Wednesday, February 15, 2006

More on the Misquote
Thanks to Bene Diction Blogs On for getting us all on board with more correct information about that web site of St. James UCC in Pennsylvania. It seems it wasn't a hack but an honest mistake taken out of scriptural context. It's been corrected now and many of us are left with some egg on our faces. As Kevin at Church Marketing Sucks put it:

But beyond the whole hacker sidestory, the pastor of St. James UCC pointed out to me that this all could have been avoided if the original blogger who noticed the wrong quote had just let them know instead of broadcasting to the world. He compared it to seeing pie on a friend's face and telling the whole room before you tell your friend. Sometimes we'd rather point and laugh than actually help somebody fix something.

And we're all guilty of that. So my apologies to St. James UCC. Church marketing often sucks, but that doesn't mean we should just stand around and laugh.
To that I add my apologies as well. Mea culpa.

An Insight
Yet the flap over the misquoted quote caused me to do some other thinking and reflecting. The quote was:
Therefore, if You will worship before me, all will be Yours. (Luke 4:7; NKJV)
Sounded good until you realized that the quote was from Satan's temptation of Jesus. In fact it sounded so good I woke up thinking about it the other day. It was then that I realized why it sounded so good.

It is the message of a portion of the church. It is the promise of the prosperity Gospel. It is the topic of more sermons and essays and books than we can even begin to imagine. It sounds so good and great and promising coming from the mouths of preachers who guarantee that God wants us to be happy and wealthy. It sounds so good and great when made as the result of following and worshipping this God in heaven. All will be yours. You will have all you need. God will always give you more and more to overflowing.

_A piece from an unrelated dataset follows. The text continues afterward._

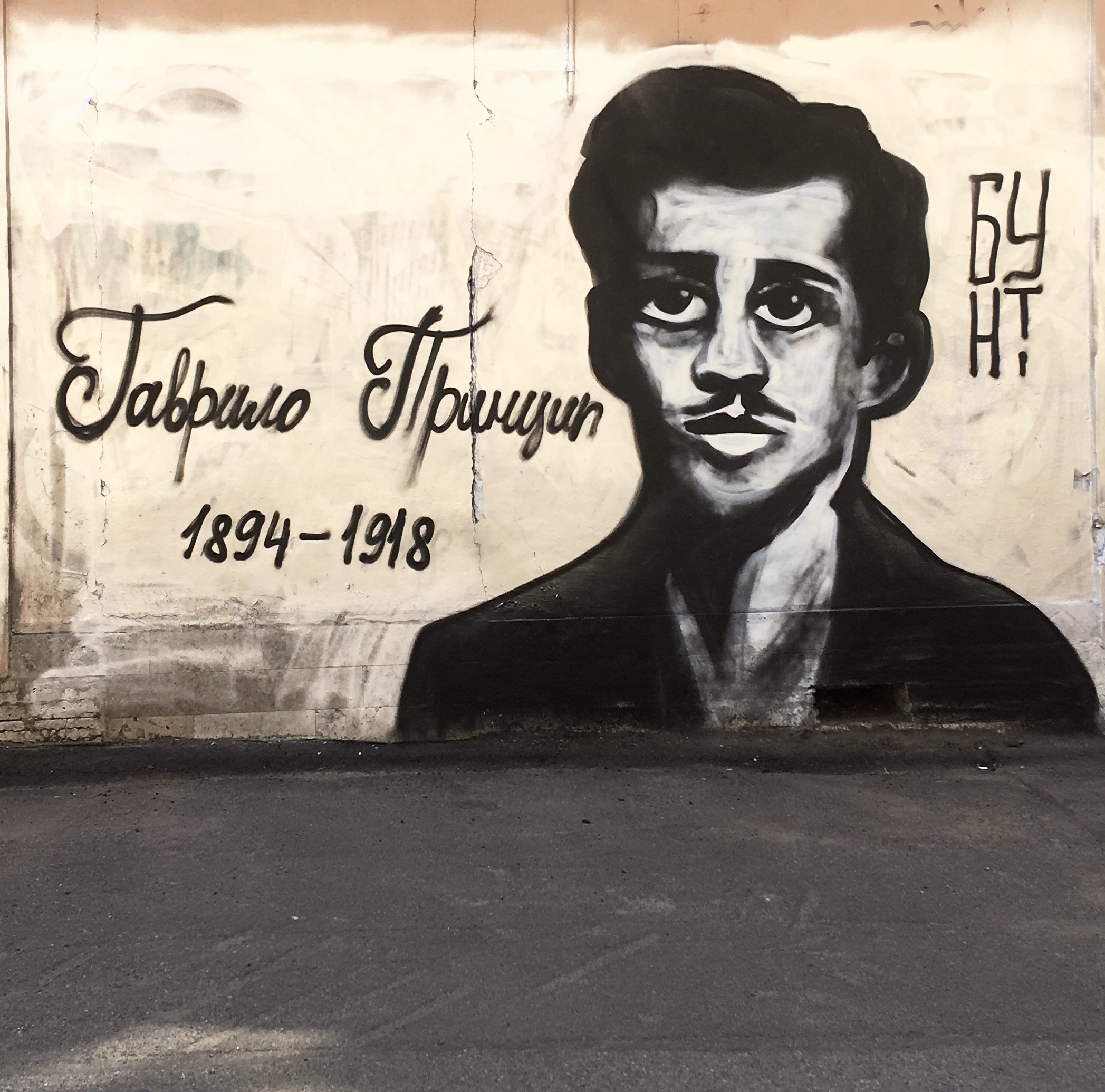 В Банковском переулке нарисовали портрет Гаврилы Принципа — сербского националиста, убившего эрцгерцога Франца Фердинанда. Рядом с рисунком авторы написали «Бунт!».

But one look at history, the lives of the saints and martyrs, the times of persecution, the incredible joy that people have found in God without ever getting the mansion on the hill or the Swiss bank account- ONE LOOK- and you will know that the words and promises of such prosperity, no matter who preaches them, sound more like Satan than Jesus.

Yes that last paragraph was strong. I meant it to be. We fall prey so easily to the prosperity-promising gospel. People send their life savings to preachers who are no better than the Nigerian inheritance spammers. But because it is "for God" it sounds better.

But it isn't better or right or even Christian. It is misuse and abuse of the word of God and the people who come trusting that the church won't rip them off.